User Prompt: “I need to build a personalized recommendation system. What algorithm should I use for survey-style movie data?”

AI Response: Gemini suggested User-to-User Collaborative Filtering (UBCF). It explained that while a Global Baseline is good for popularity, UBCF uses Cosine Similarity to find specific user “neighbors,” making it a perfect fit for the MovieLens dataset.

User Prompt: “How do I make sure my code runs for the professor without them having my local files?”

AI Response: Gemini instructed me on how to host the ratings.csv on GitHub and, crucially, how to use the “Raw” URL. This ensured that the read_csv() function pulls from the cloud, making the Quarto document fully reproducible.

User Prompt: “Error in library(recommenderlab) : there is no package called ‘recommenderlab’”

AI Response: Gemini provided the install.packages() command and explained that recommenderlab is not a base R package.

User Prompt: “Error in .local(data, …) : unused argument (Rating = 4)”

AI Response: Gemini identified a syntax typo in the evaluationScheme function. It corrected the argument name to goodRating = 4, explaining that this parameter defines the threshold for what the system considers a “successful” recommendation.
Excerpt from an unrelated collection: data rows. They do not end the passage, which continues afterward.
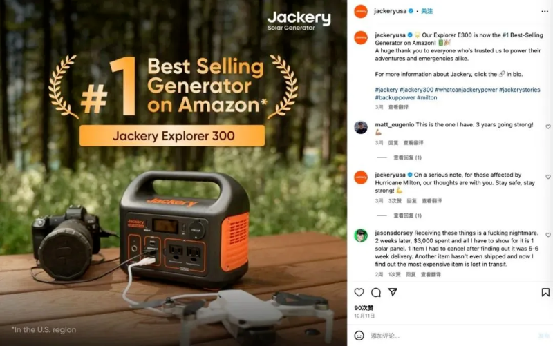 華寶新能發(fā)電機銷量第一?圖源:Instagram
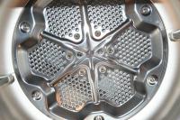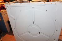 Trotzdem erzeugt jetzt die Trommel beim drehen ein leicht schleifendes Geräusch. Das war vorm Zerlegen nicht so. Daraufhin habe ich innen in der Trommel die hintere Edelstahlplatte noch mal abgeschraubt und das hintere Lager kontrolliert. Kann aber keinen Fehler entdecken, das Lager wird ja von zwei Inbusschrauben in seiner Position fixiert. Das Lager passt auch nur in einer bestimmten Position in die Halterung hinten. Die Schrauben an der Rückwand für die Halterung des Lagers hatte ich nicht geöffnet, die Lageraufnahme hinten ist unverändert eingestellt.
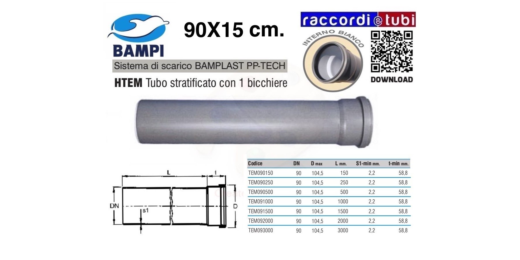 TUBO PP-TECH 1 BICCHIERE 90x15 cm.
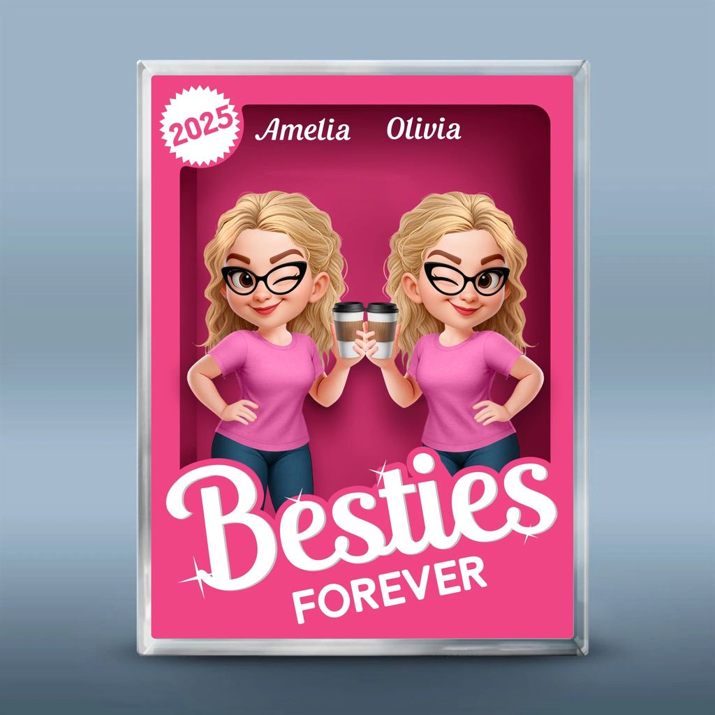 Crafted from durable clear acrylic, this plaque features vibrant printed artwork and a playful action-figure twist. Personalize it with your names and a heartfelt message to turn it into a meaningful keepsake. No frame needed – it stands sturdily on any desk, shelf, or dresser.
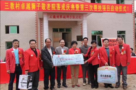 2010年12月21日下午,深圳市残联领导和深圳狮子会一行再次来到雷州市乌石镇三教村,村里自行组织了锣鼓队以最朴实的方式迎接狮友们的到来,村里张灯结彩,共聚在三教村卓越狮子敬老院前,参加敬老院落成典礼。敬老院项目总资金26万元,其中当地民政部门负责6万元,三教村自筹4万元,深圳狮子会中心区服务队及卓越集团捐助16万元修建而成。当天深圳狮子会各服务队代表还将价值2.5万元的生活用品带到了活动现,通过一件件生活物资的传递向村里的孤寡老人表达狮友们那颗颗真挚爱心,肖兴萍总监代表深圳狮子会及卓越集团给三教村村民带去了祝福,祝愿他们在这里度过一个幸福而又美好的晚年。
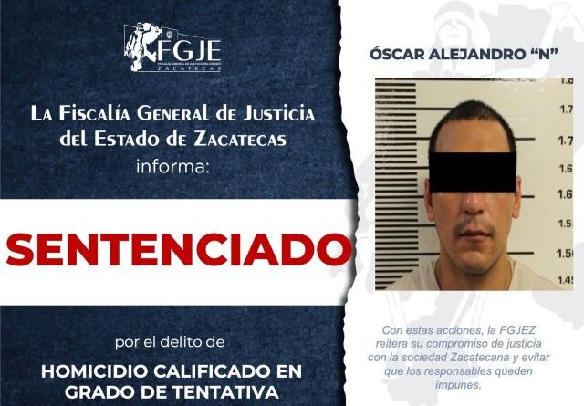 ZACATECAS, ZAC.- La Unidad de Investigación Mixta de Calera obtuvo sentencia condenatoria en contra de Óscar Alejandro “N”, declarado responsable por el delito de homicidio calificado en grado de tentativa en perjuicio de una persona.
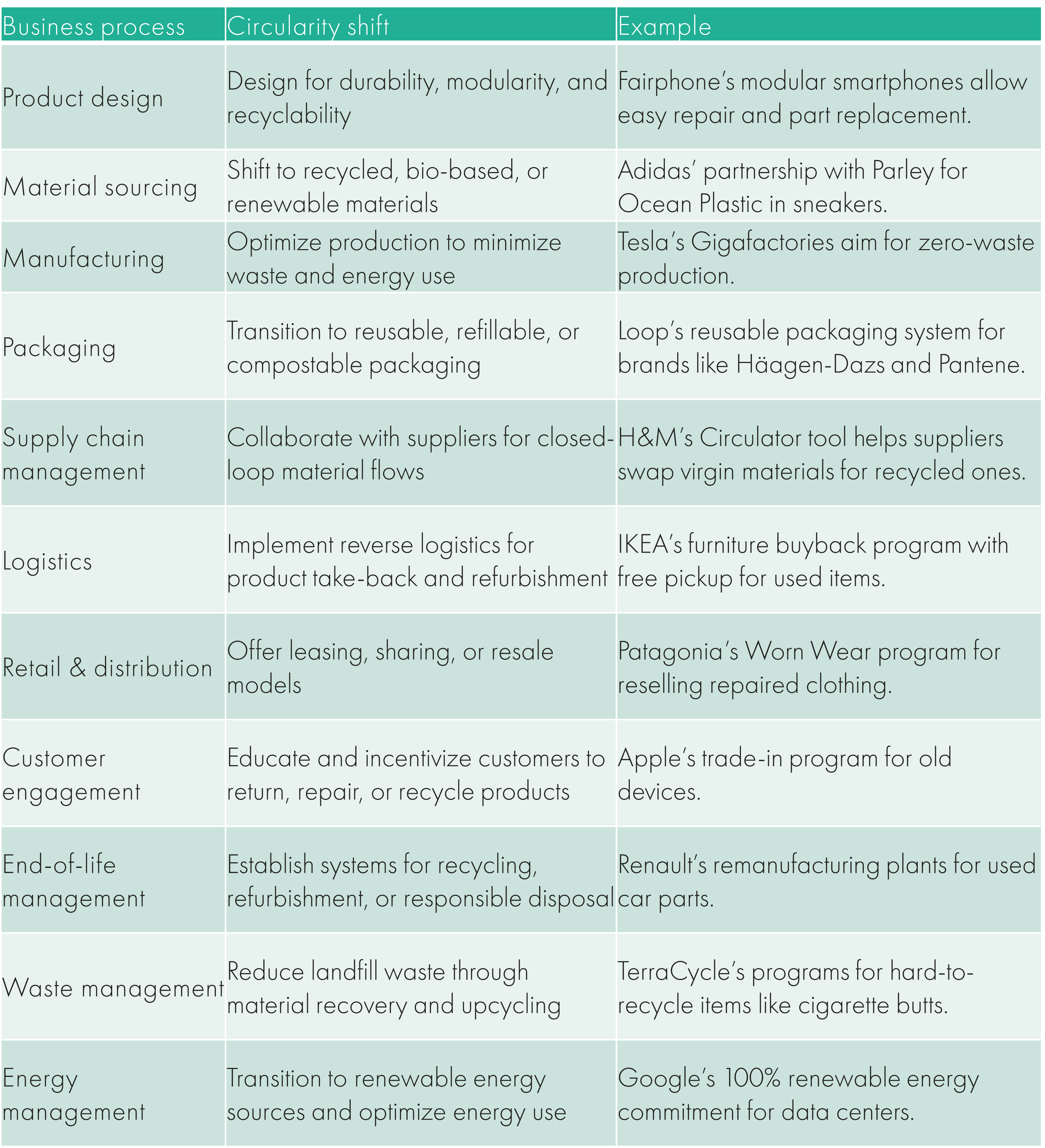 Reuse (e.g., IKEA’s furniture buyback program)
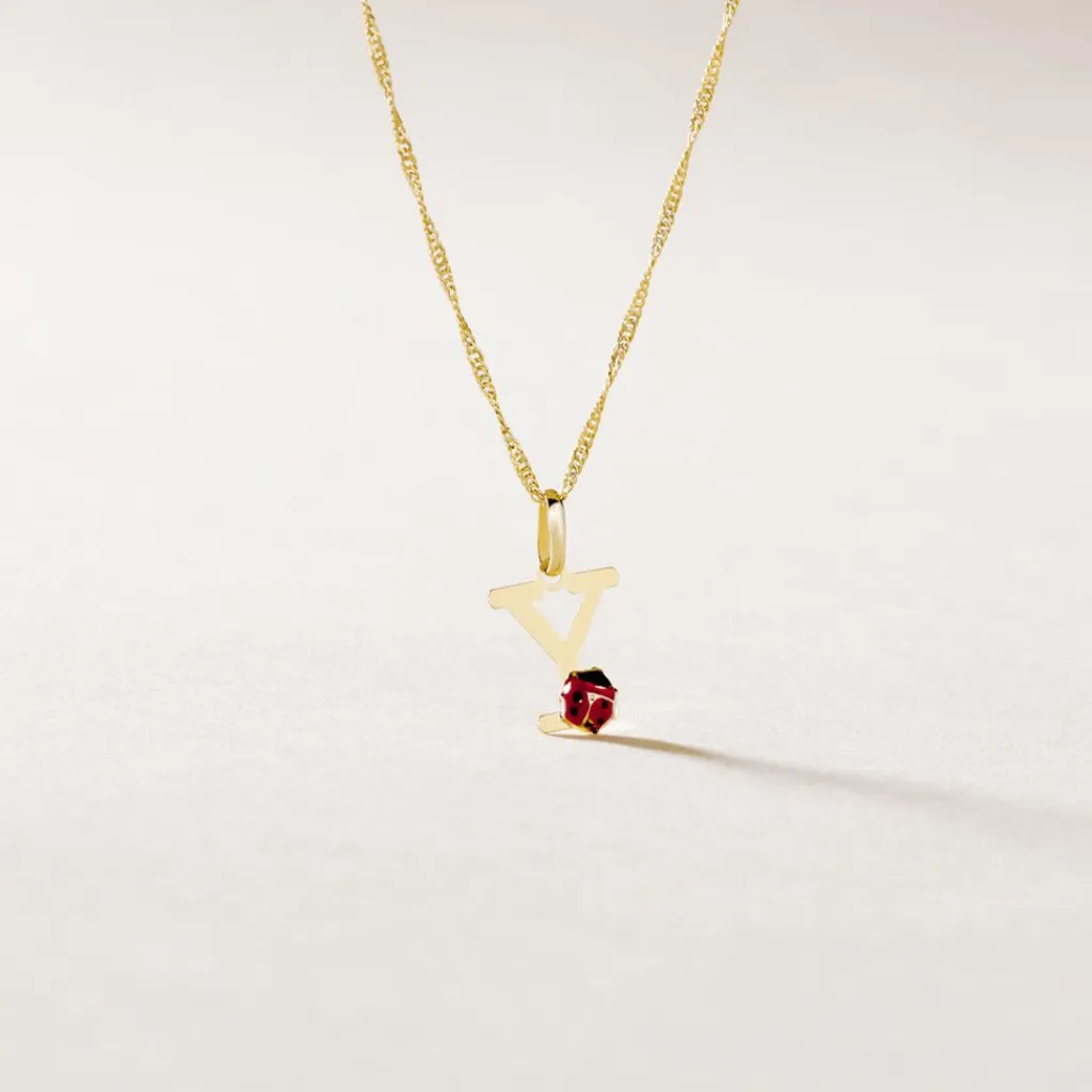 Pendentif Or Jaune 375/1000 Lettre Y Motif Coccinelle Email Noir Et Rouge

User Prompt: “Error: could not find function ‘calcPredictAccuracy’”

AI Response: Gemini identified a misspelling and provided the correct function name: calcPredictionAccuracy.

User Prompt: “My results are RMSE: 1.146, MSE: 1.313, MAE: 0.880. Is this good?”

AI Response: Gemini provided a statistical interpretation. It explained that an RMSE of ~1.1 is a strong result for MovieLens, indicating the model is accurate within roughly one star. It also explained the difference between RMSE and MAE, noting that RMSE penalizes larger errors more heavily.